物語の主人公・真夏(松本まりか)は、かつて不倫関係にあった恋人と別れ、人生のどん底にいた。再起を図るべく、彼女は時計メーカー「TOWANI」に転職。出勤初日に出会ったのは、社長・空知時夢(安田顕)。なんと彼は、真夏の元恋人・大浦隼人(安田・二役)と瓜二つだった。

見た目だけでなく、彼のまとう雰囲気や所作にも既視感を覚える真夏。彼女の胸には、過去の傷がざわめき出す。

さらに不思議なことに、亡き母の形見であるTOWANI製の腕時計が、いつの間にか動き出していた。その時計を身につけ出社した真夏を、時夢はなぜか特別な目で見るようになり、仕事への真摯な姿勢にも惹かれていく。時夢は既婚者であるにもかかわらず、次第に真夏との距離を縮めていく。ある日、真夏は衝動的に彼にキスをしてしまう……。だが、その瞬間が物語の“常識”を一変させることになる。

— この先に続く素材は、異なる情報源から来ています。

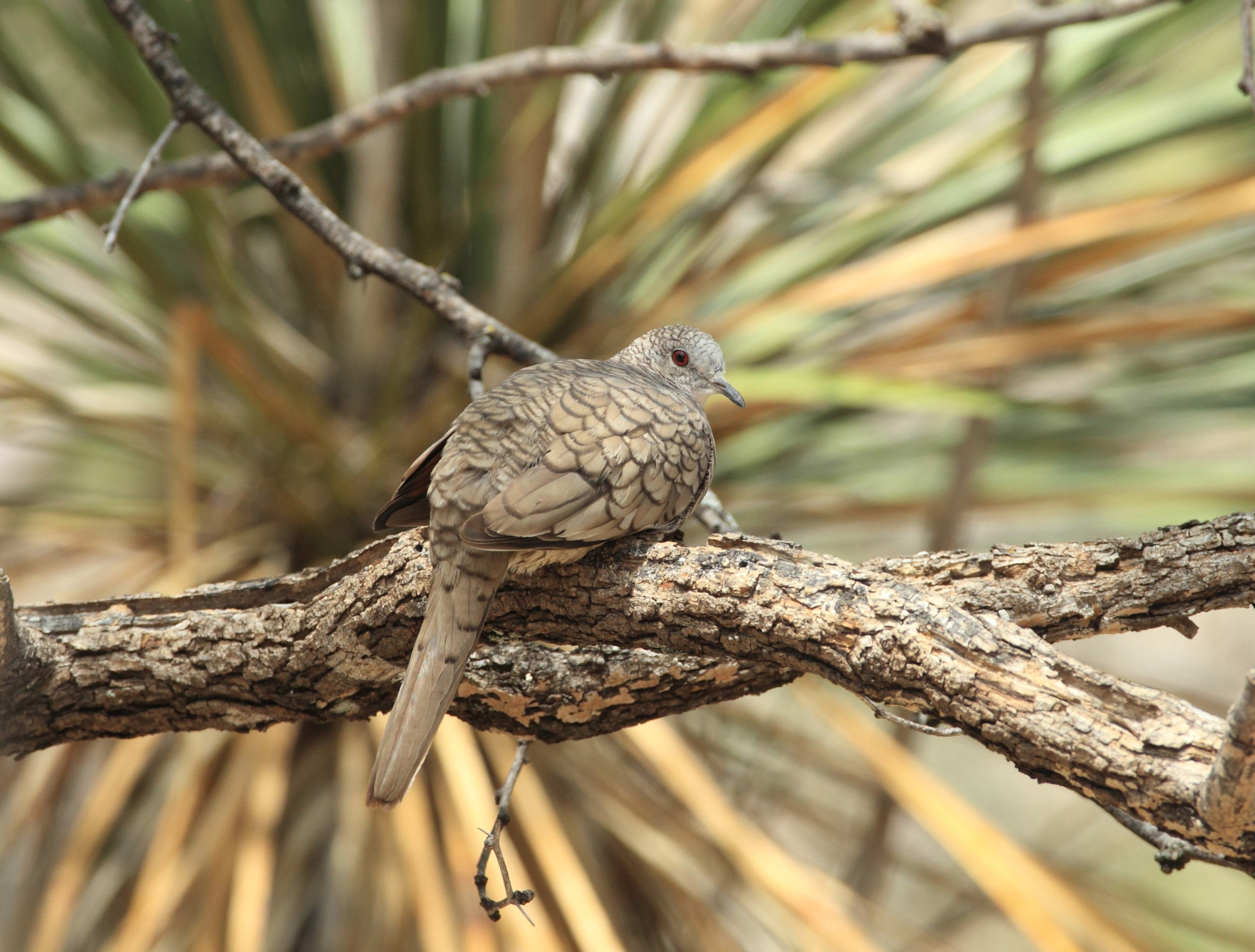 The soft, whistled no-hope of the Inca Dove is a familiar sound in southwestern cities. These little doves are often seen walking about on lawns with dainty steps, or fluttering up with a rattle of wings. In much of their range, they are found around human dwellings, and rather seldom seen in natural habitats away from towns or farms. Probably absent originally from areas north of Mexico, they have spread northward as settlements have grown up in the southwest.

翌朝、真夏はエレベーターに乗ったまま時間が止まり、突如として時計の針が逆回転。次の瞬間、彼女は前日の朝に“戻って”いたのだった。まさかのタイムリープ。

何かをやり直すためのチャンスなのか? それとも、さらなる悲劇の始まりか? この構造に、「不倫をなかったことにできるのか?」という新しい問いが加わる。倫理も理屈も飛び越えた設定に、視聴者の“考察本能”が刺激されている。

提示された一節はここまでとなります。